He had never been more fucked in his entire life.

 

*

 

Draco Malfoy was a brave man. Or, at the very least, that was what he had spent the better part of his adult life convincing himself to be. 

He had walked through fire—literal and metaphorical. 

He had endured war, betrayal, loss. 

He had looked death in the eye more times than he cared to count. 

He had stood trial before the Wizengamot while the entire world watched, judging whether or not he was capable of redemption, whether or not he deserved to walk free. 

He had carried the weight of a name soaked in blood and scandal, had buried both his parents in different ways, had lived beneath the crushing pressure of legacy and expectation for so long that sometimes he forgot what breathing felt like.

He had survived all of that.

And yet, somehow, this—walking toward a whimsical little tea shop in the heart of Diagon Alley, with his hands shoved deep into the pockets of his second-favorite coat and his heart beating an uneven, traitorous rhythm against his ribs felt more terrifying than any battlefield ever had.

Moonbrew was just a shop. A charming, quiet little place scented with flowers and herbs and far too many types of tea. But she was inside. And that was the real danger.

She had asked him to come. Just a simple, casual invitation delivered with a smile and those eyes that seemed to see far too much. There was no pressure. No expectations. No reason, really, for his stomach to be doing backflips or for his pulse to thunder in his ears like a second heartbeat. And yet, it did.

He arrived outside at precisely three o'clock. Not a minute early, not a second late—because apparently, somewhere between last night and this moment, punctuality had become a matter of mortal consequence. He stood there, staring at the wooden sign that hung over the door, letting the seconds tick by like a countdown to something he couldn't name.

Thirty seconds.

That was how long he lingered before his pride caught up with his nerves and shoved him forward. Because he was not a schoolboy. He was not thirteen and awkward and unsure. He was Draco fucking Malfoy, and he would not stand outside a door as if he were preparing for execution.

He pushed the door open.

And immediately forgot how to breathe.

Because there she was.

Alone. Behind the counter. Bathed in sunlight. And looking like some celestial being who had decided to descend from whatever dreamscape she usually existed in just to ruin his day.

Fucking hell.

She wasn't even doing anything extraordinary. She was just there, brushing a few stray curls from her face, her lips curved in the faintest smile, eyes flicking up to meet his as if she'd been expecting him, as if he was right on time for something that had always been inevitable.

Why?

Why did she have to do this to him? Why did she have to exist like this—effortlessly ethereal, impossibly grounded, wearing a dress that looked soft enough to sleep in and dangerous enough to wreck his entire week? 

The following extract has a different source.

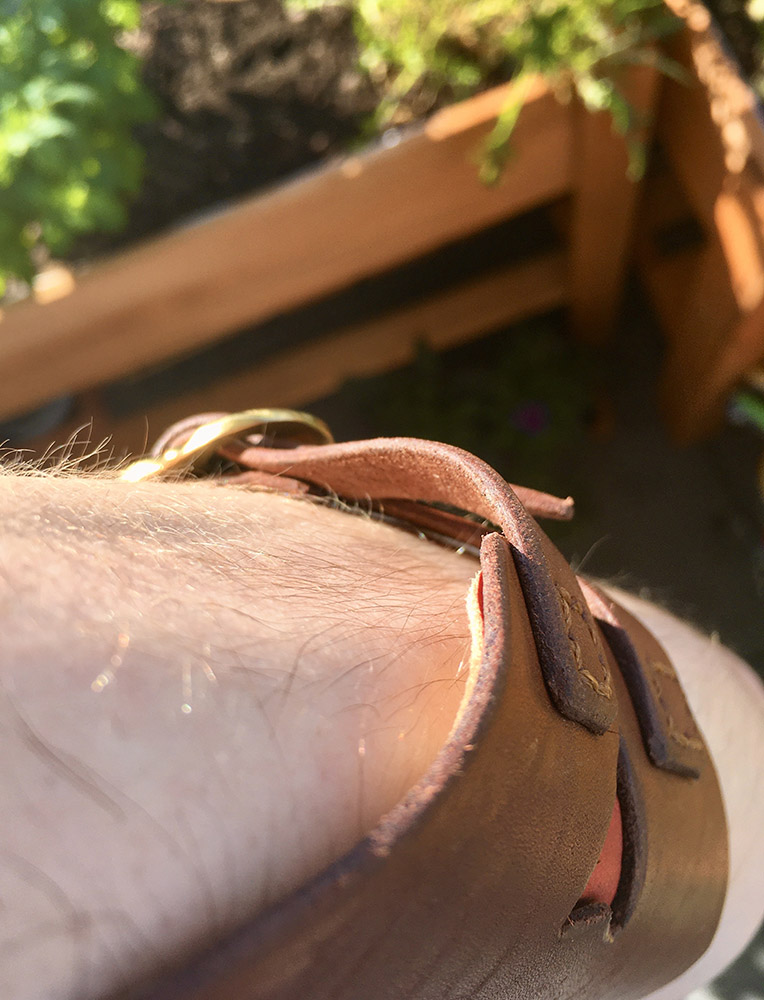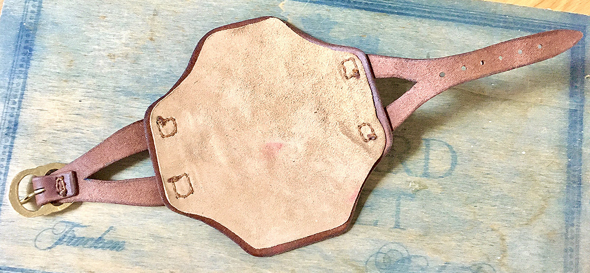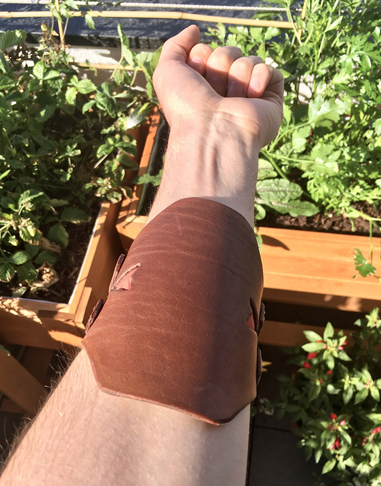 Und zu guter Letzt: Das Ding hält leider mal so gar nicht am Arm, zumindest nicht ohne Kleidungsstück drunter. Das Hauptleder fügt sich eigentlich dem Arm sehr gut an, aber die Riemenanbringung verjüngt sich nicht perfekt mit dem Arm und überhaupt ist wohl ein einzelner Riemen und ein so kleines Design einfach nicht dafür gemacht in der Mitte des Arms zu bleiben; es rutscht natürlich immer bis vor ans Handgelenk. Vermutlich wollten die Erfinder kostbares Material sparen. Es ist ja typisch für Gebrauchsgegenstände aus der Zeit nur das Nötigste zu verwenden. Eventuell wurde so ein Schutz auch immer über Kleidung getragen, dann funktioniert er auch.

Why did she have to look like she belonged to some other realm, like she was carved not from marble, but from starlight and secrets?

And more importantly, why did it feel like coming home?

The flowy white dress she wore wasn't special in any ostentatious or extravagant way, it didn't glitter, didn't cling, didn't try to seduce. It was simple, soft, light as air and loose around her frame, made from a fabric so delicate it seemed to catch the sunlight like water, fluttering with every subtle movement of her body. 

It was the kind of dress that should've blended into the background, understated and forgettable. But for her it became something else entirely. 

It floated around her like a living thing, caressing her curves not by design but by sheer accident, the way a breeze might brush a statue in reverence. It wasn't made to be alluring. And somehow, that made it worse. Far, far worse.

Because there was no intention behind it. No calculated attempt at attention. 

No awareness of the way it made her look like she'd just stepped out of some painter's fever dream, barefoot and luminous, wrapped in something innocent and devastating. 

The fact that she didn't know what she looked like, that she wasn't trying, wasn't aiming to disarm him, only made the damage more lethal.

Draco gritted his teeth, the pressure of his molars grounding him, anchoring him in the rising tide of his own frustration. 

Wasn't just the sight of her enough? 

Did she have to ruin him every single time she turned around? 

Did she have to undo every inch of his composure the moment she entered his field of vision?

His hand lingered on the doorknob for a fraction too long, his knuckles whitening before he finally forced himself to move, stepping inside like a man entering sacred ground—hesitant, reverent, already anticipating the blow. Because that's what it was, wasn't it? Dangerous. 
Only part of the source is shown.